If you already have credentials for the older data export services, you can skip this step. You can reuse the same credentials to access your Enriched Events Export data.

Validate your Credentials

Verify you can access export data using the credentials you got from Optimizely Support:

  1. Install AWS command line tools.
  2. Run aws configure to input your access key and secret access key.
  3. Copy your Optimizely account ID (can be found under account settings)
  4. List the files in your S3 directory, using your account id:
  • aws s3 ls s3://optimizely-events-data/v1/account_id=/
    Note: The final forward-slash is necessary because your credentials will only provide access to one folder inside the Optimizely Amazon S3 bucket.
  1. To actually inspect and access the data, you'll need third-party tools. For more information see Access and inspect data.

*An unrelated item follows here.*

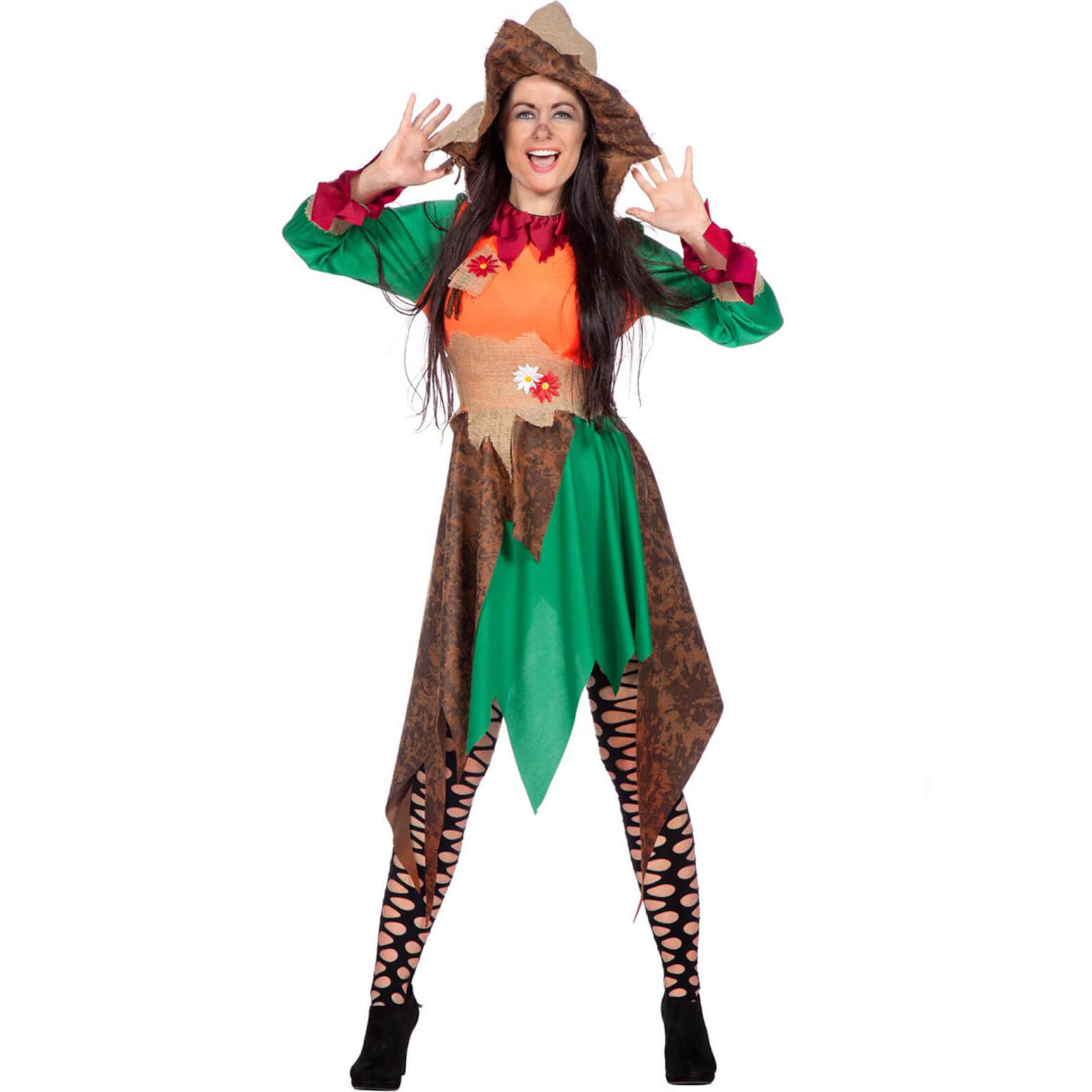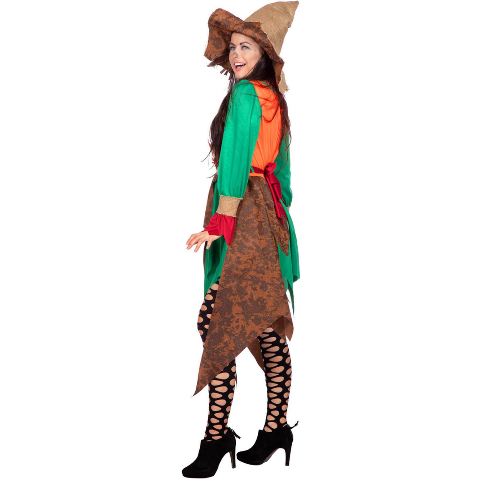 Vogelscheuche / Hexe Kostüm Kleid halblang Deluxe mit Jute grün-orange

You should see a list of all your projects that have running or completed experiments.

Troubleshooting

If you see the following message:
An error occurred (AccessDenied) when calling the ListObjects operation: Access Denied

  • Try running aws configure again and double-check that you copied and pasted your credentials correctly.
  • Confirm that you’re including the final forward-slash after your account ID.

Data Specification

Event Types

Enriched Events Export gives you access to:

  • Decision events (also known as impressions): special events that are fired when Optimizely “decides” that a visitor is bucketed into a certain experiment/variation pair.
  • Conversion events (known simply as events): all other events that are fired when a visitor “converts” to a desirable action, such as a click, page view or purchase.

Your export contains the same decision and conversion event data that Optimizely uses to display your experiment results, or metrics, on the Results page. This means you can easily correlate your analysis with our Results page. For more information, see How Optimizely counts conversions.

Event Content

Your event data contains:

Raw data as sent by the Optimizely client or Event API, including (but not limited to):

  • event timestamp
  • visitor ID
  • event (entity) ID and event name
  • user attributes
  • event tags
  • misc visitor and event metadata (user-agent etc.)

Enriched data generated by Optimizely’s server:

  • (server) process timestamp
  • session ID
  • experiment ID
  • variation ID

Please see schema for a full reference of the event data.

AWS S3 Partitioning

Your event data is exported in the following S3 partitions:

Decisions:

s3://optimizely-events-data/v1/account_id=<account_id>/type=decisions/date={YYYY-MM-DD}/experiment=<experiment_id>

Conversions:

s3://optimizely-events-data/v1/account_id=<account_id>/type=events/date={YYYY-MM-DD}/event=<event_name>

Legend

  • optimizely-events-data: S3 bucket name
  • account_id: Your unique account identifier
  • date: The creation date of the data
  • experiment_id: Unique experiment identifier (used for the decisions partition)
  • event_name: Event (entity) identifier (used for the events partition)

Access and inspect data

The data is stored in Parquet-formatted file parts. The number of file parts is variable and depends on the experiment record volume. parquet-tool is a handy tool to inspect the file content and schema.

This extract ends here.